Assuming that Perfecto owned the disputed lots and the Confirmation Affidavit was a deed of partition, Perfecto could
have legally partitioned his estate during his lifetime. Under Article 1080 of the Civil Code, should a person make a
partition of his estate by an act inter vivos, or by will, such partition shall be respected, insofar as it does not prejudice
the legitime of the compulsory heirs.

Since the Civil Code allows partition inter vivos, it is incumbent upon the compulsory heir questioning its validity to
show that his legitime is impaired. Unfortunately, Araceli has not shown to what extent the Confirmation Affidavit
prejudiced her legitime.

ISSUE 2: W/N PETITIONER CAN CLAIM THERE IS PRETERITION


HELD: NO.

Preterition consists in the omission in the testator's will of a compulsory heir in the direct line or anyone of them either
because they are not mentioned therein or although mentioned they are neither instituted as heir nor expressly
disinherited. The act of totally depriving a compulsory heir of his legitime can take place either expressly or tacitly.
The express deprivation of the legitime constitutes disinheritance.

Petitioner could not claim preterition by virtue of the Confirmation Affidavit on the assumption that the disputed two
lots pertained to Perfecto's inheritance, he had only three legal heirs and he left Araceli with no share in the two lots.
Although Araceli was a compulsory heir in the direct descending line, she could not have been preterited.
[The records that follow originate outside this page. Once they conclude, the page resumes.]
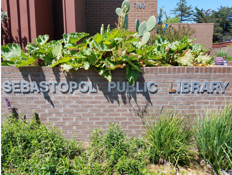
Bodega Avenue frontage
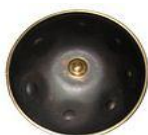
Integral Hang 2008
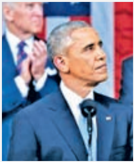
US President Barack Obama

WASHINGTON, 21 Jan — President Barack Obama struck a defiant tone for his dealings with the new Republican-led Congress on Tuesday, calling on his opponents to raise taxes on the rich and threatening to veto legislation that would challenge his key decisions.
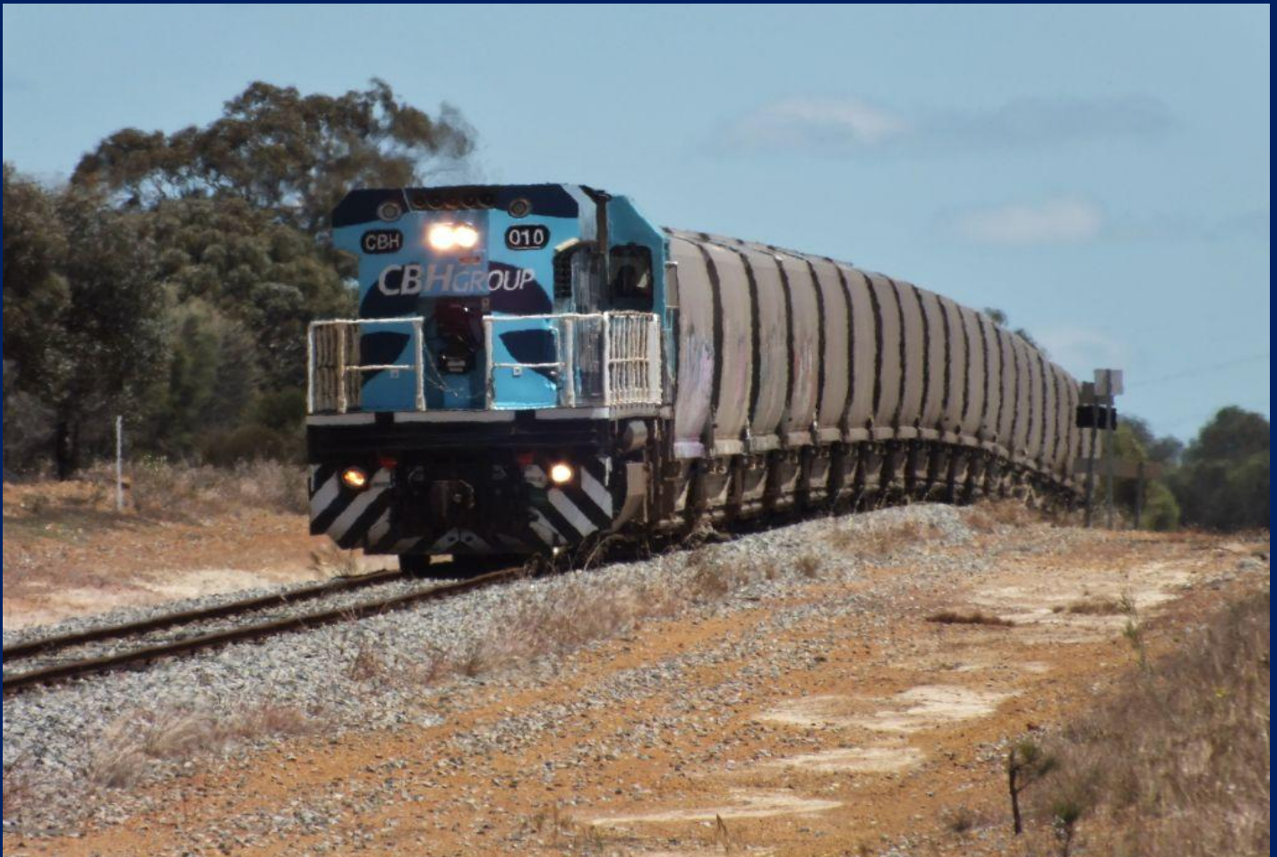
CBH010 on empty grain crests grade at Yilliminning yard limit October 23rd.
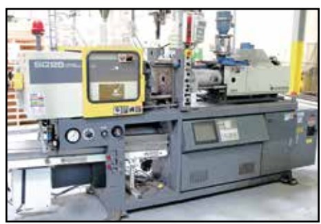
SUMITOMO SG25 INJECTION MOLDING MACHINE

STAR AUTOMATION LWS-1600V-460V2 SERVO ROBOT, s/n NA STAR AUTOMATION F1 SPRUE PICKER, s/n 9507-0097, w/SP-450F Control
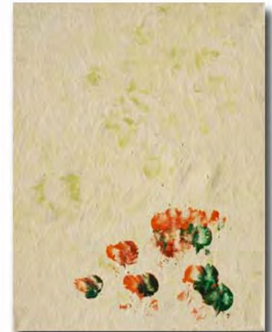
Paw-tersweet Vine by MOZART DANE. 11X14", acrylic on canvas. $110.

With holidays fast approaching, what better time than this to add a unique MOZART painting to your collection or give one as a gift to someone special. Once they are gone, there will be no more.
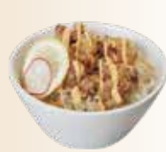
CHICKEN KARAAGE DON 69k
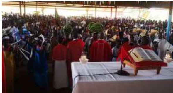
Catechistic, educational and athletic training for young people in the Burundian Refugee Camp, Rwanda

Not Pictured: Prisoner education program start-up, Albania
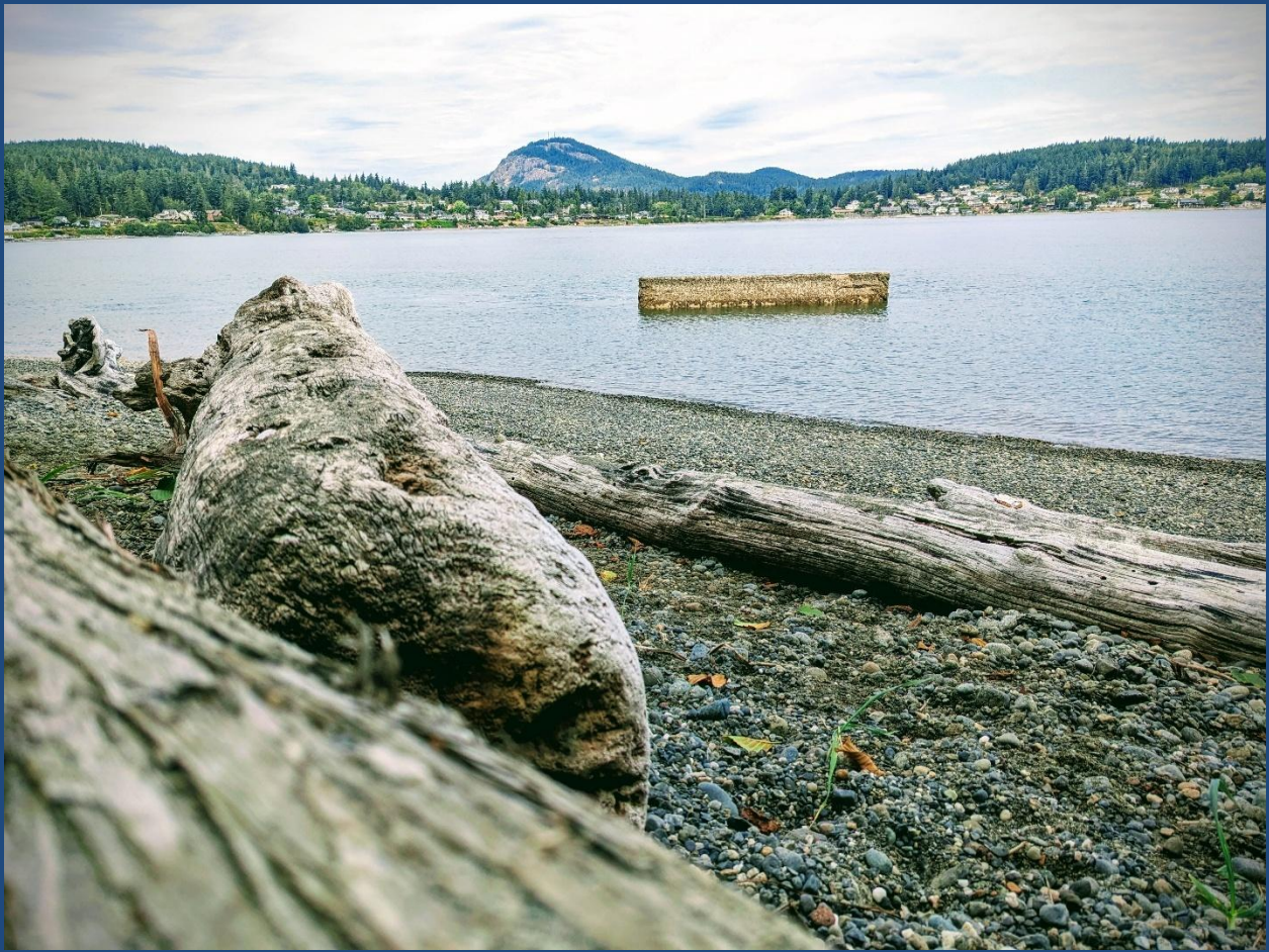
A peaceful moment at Hoypus Point.
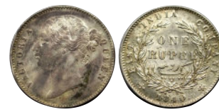
Lot: 682 Victoria Queen, Silver Rupee, 1840, divided legend, Calcutta/Bombay Mint, 28 berries, About uncirculated, Scarce. Estimate: ₹1200 - ₹1500
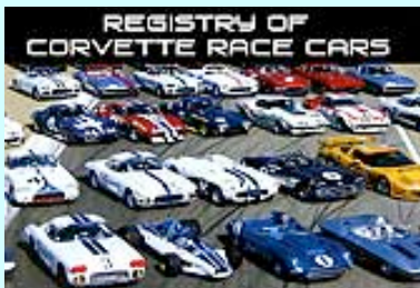
Into Vintage Corvette Race Cars ?
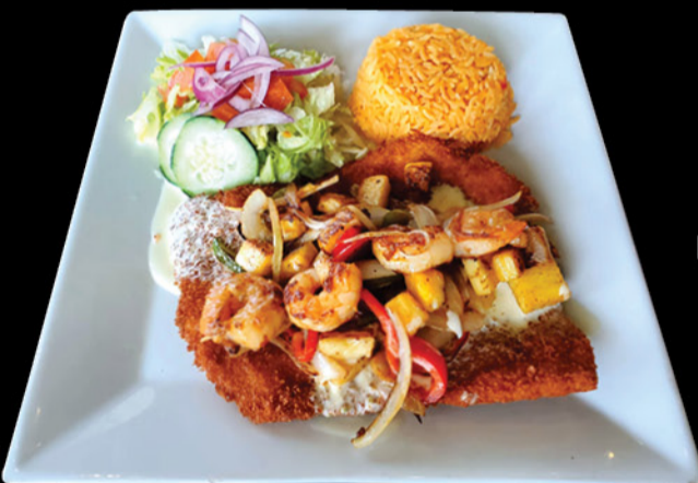
CHICKEN MILANESA TROPICAL
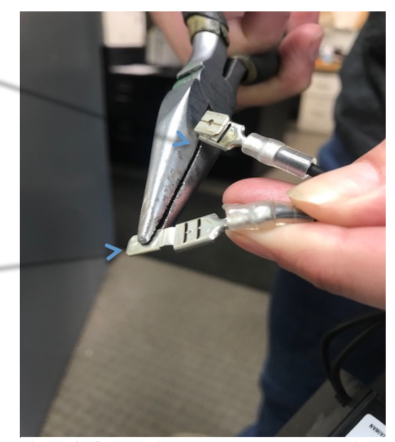
Figure 3: One receiver box spade connector will become a male fitting and the other will be left female
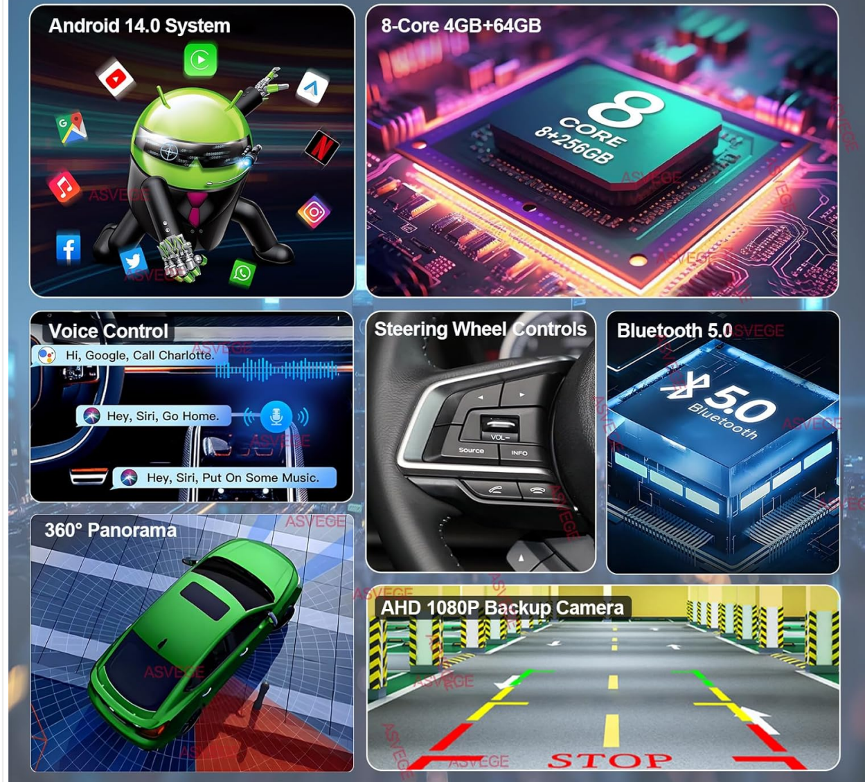
Image: This image highlights multiple multimedia features of the car radio, including voice control, integration with steering wheel controls, a 360-degree panoramic view, and AHD 1080P backup camera support.
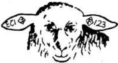
Rams - Off ear Ewes - Near ear
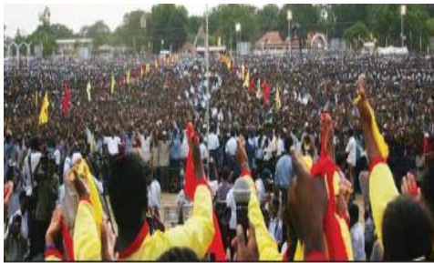
▲ Pongu Tamil uprising in Tamil Eelam 2004 ▼ 40,000 Tamils at the Pongu Tamil in London 2008

Tamil Eelam may not be achieved tomorrow but as surely as day follows night, there can be no more certainty than that the Tamil people’s will cannot be denied forever. The pain, anguish, suffering, death and destruction can be foreshortened with your understanding, help and action – please act now (see attached sheet)!
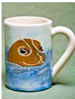
5120 Mug, 4.5 x 4.5 x 3"
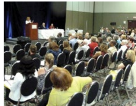
Annual General Meeting 2014 – 15 th Anniversary, Ottawa, May 2014
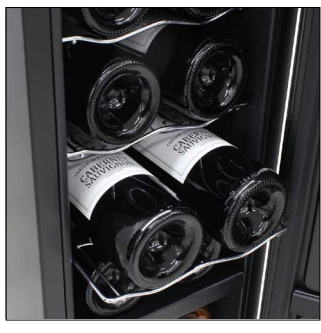
Shelves with Bottles
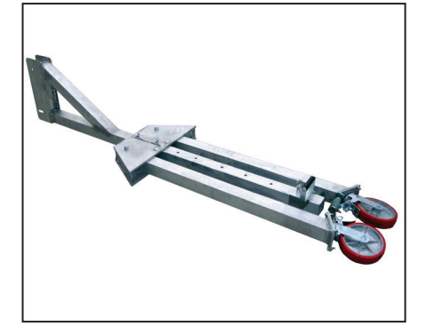
A-frame legs lock in closed position – no bolts
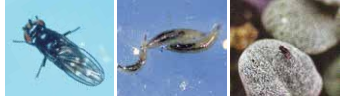
Shore fly adult
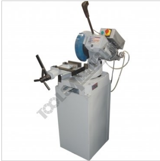
Show on Optional Stand S820
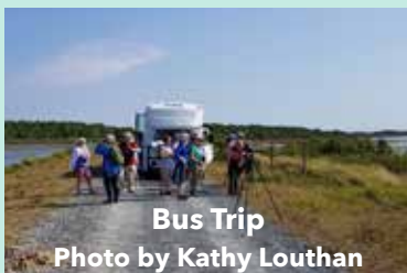
Bus Trip
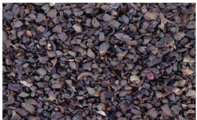
Figure 4: oil palm shell

OPS found in Africa, China. The second-largest producer of palm oil is Malaysia. Oil palm shell (OPS) is the most typical agricultural waste in the palm oil industry. The specific gravity and water absorption over 24 hours of oil palm shell are 1.2 and 20.5% respectively. The OPS aggregate weighs between 500 and 600 kg/m<sup>3</sup>
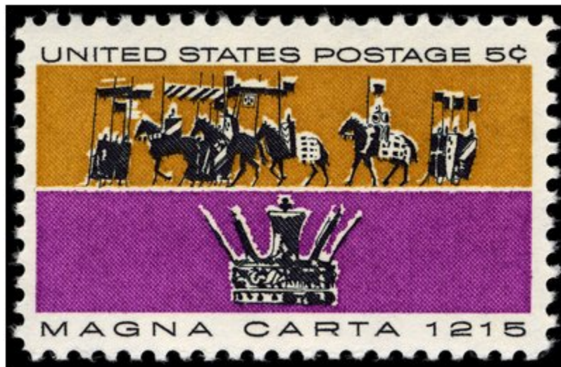
"Magna Carta 5-cent 1965 issue U.S. stamp"

How did experiments in democracy and democratic government that began in the 13 North American colonies connect to modern day United States governmental ideas and practices? The modules in this chapter explore democracy and voting in colonial America, the impact of Anne Hutchinson's religious dissent, and current debates over extending voting rights to 16 and 17-year-olds.
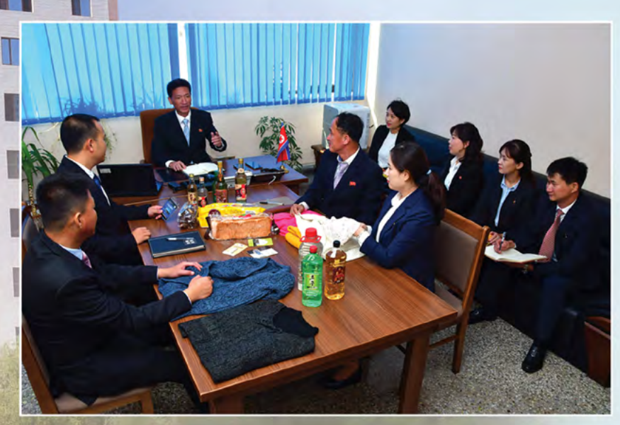
They are conducting a consultative meeting to improve the quality of products

It will constantly update itself and advance by dint of cutting-edge technologies and conduct brisk exchanges and cooperation with foreign countries on the credit-first principle.
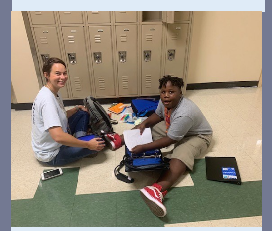
6th grade counselor helping a student with organization.
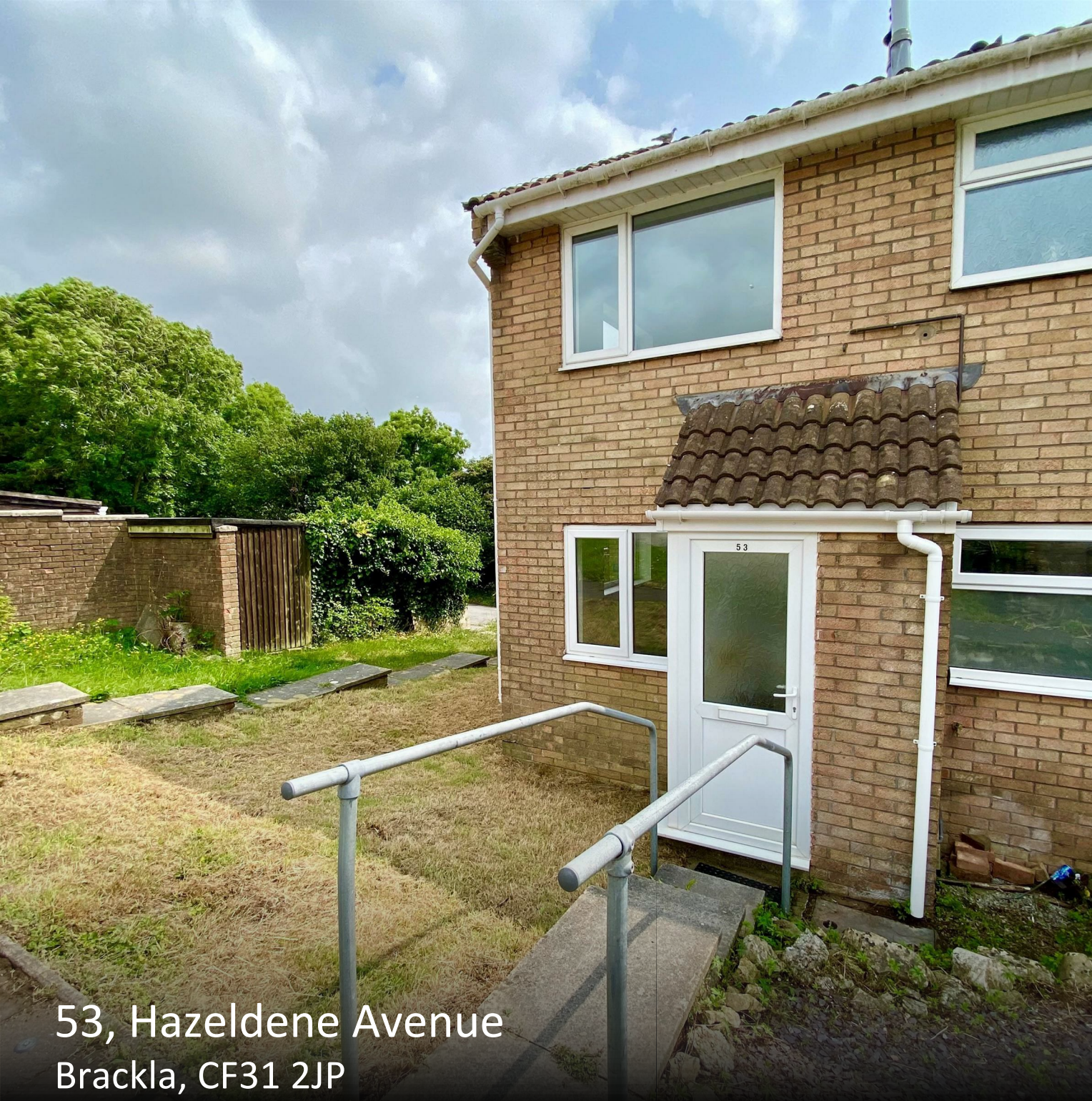
53, Hazeldene Avenue Brackla, CF31 2JP
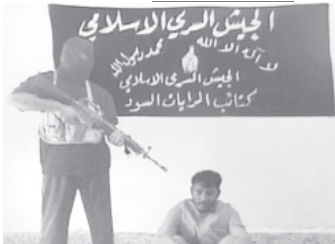
In a videotape given to foreign news organizations on 29 July, 2004, a masked man points an M-16 automatic rifle at the head of an Indian hostage, who was wearing orange clothing. Kidnappers holding seven foreign truck drivers hostage in Iraq threatened to kill one of them on Friday if they received no response to their demands.
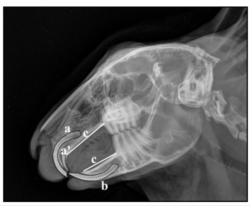
Figure 2: Radiograph of a rabbit head in latero-lateral projection: first incisor of the maxilla (a); second incisor of the maxilla (a'); incisor of the mandible (b) and diastema (c).
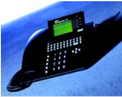
In action at Deutsches Forschungsnetz: IP Phone IP 200

the Internet protocol. In Stuttgart, on the other hand, the existing Alcatel telephony system was kept on in a switched circuit with an innovaphone IP 3000 gateway. This latter migration scenario, also known as "soft migration," is a low-cost, future-oriented version, as existing maintenance contracts may be fulfilled while simultaneously, the advantages of state-of-the-art technology can be profited from.
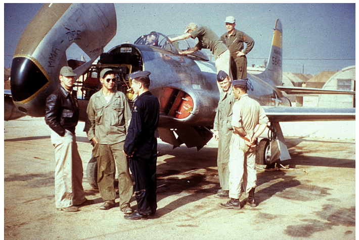
Ground crew prepare to fit the RF-80 Emma-Dee with nose cameras as reconnaissance pilots watch.
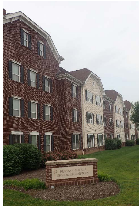
Herman E. Kapp Apartments along Church Street

The Hunterdon County Housing Corporation owns the land, which it leases on a long term basis (99 years) to Pennrose. This site was previously home to the County public work garage, which was demolished to make way for the rental complex. The Church Street complex is comprised of 51 one-bedroom and nine (9) two-bedroom apartments; three (3) of the units are fully handicapped accessible.
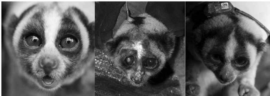
Figure 5 Male wild Nycticebus javanicus , from Cipaganti near Garut, Java, during three successive captures in April 2012, November 2012 and February 2013, showing his appearance before receiving a severe conspecific bite wound, just afterwards, and 3 months afterwards.

Still's [58] was the first anecdotal account of the uncanny resemblance of the slender loris ( Loris sp.) to a
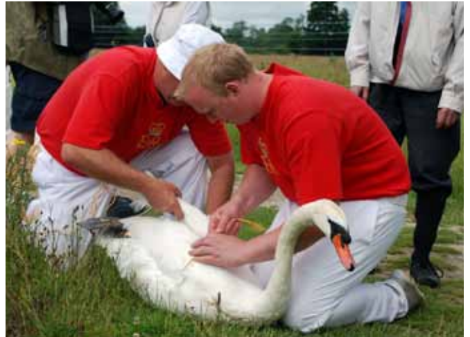
Swan Uppers with a mute swan
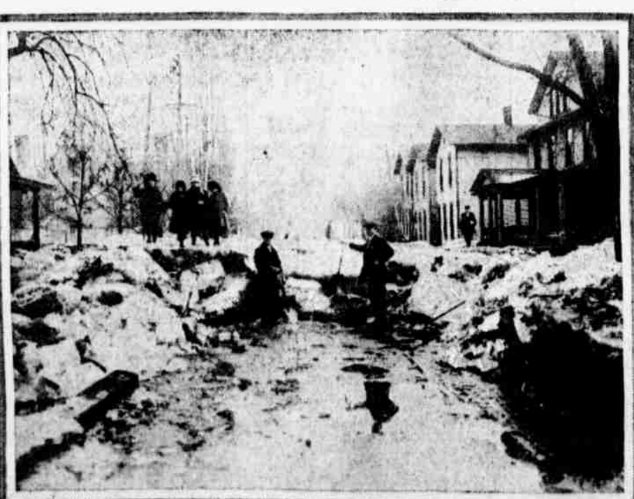
An Ice-Packed Street at Lock Haven, Pa., After the Worst Flood in Years Had Receded Last Week. The Men in the Foreground Are Relief Workers From Jersey Shore, a Nearby Town on the Susquehanna,
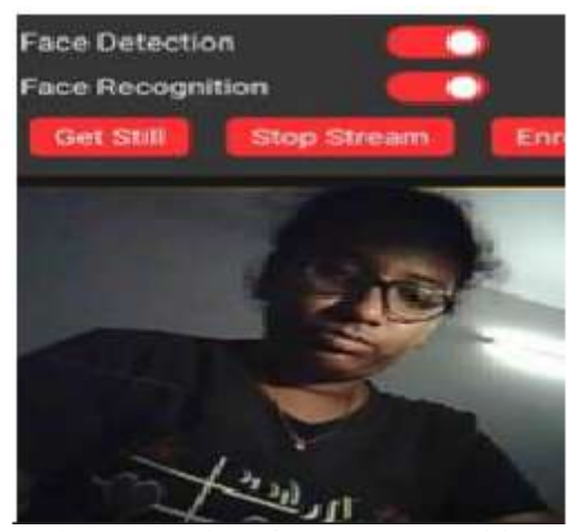
Fig. 2. 3 Options for Face Recognition

When the system is powered on, after browsing the resulted link we get a streaming window opened where we can see the option as illustrated in the below fig: 2where we need to switch on the face detection and face recognition button and then click on enroll face. After clicking that camera starts taking samples as shown below in fig: 3,4 after completion of taking samples, the data is stored.

Firstly, Perfecto left no will. As contemplated in Article 854, the presence of a will is necessary. Secondly, before his
death, Perfecto had properties in Limon, Rizal which was almost 50 hectares, part of which was developed for
residential and agricultural purposes, and in Odiongan. Araceli could not have been totally excluded in the inheritance
of Perfecto even if she was not allegedly given any share in the disputed two lots. If Araceli's share in the
inheritance of Perfecto as claimed by her was indeed impaired, she could have instituted an action for
partition or a settlement of estate proceedings instead of her complaint for cancellation of free patent and
reconveyance.

The free patents having been issued by the Department of Environment and Natural Resources on February 28,
1992 and recorded in the Book of Entries at the Office of the Registry of Deeds in June 1992, the respondents'
certificates of title have already become indefeasible pursuant to Section 32 of Presidential Decree No. 1529 (the
Property Registration Decree), which pertinently provides that upon the expiration of said period of one year from and
after the date of entry of the decree of registration, the decree of registration and the certificate of title issued shall
become incontrovertible.

Disposition: Petition is denied; CA decision is affirmed.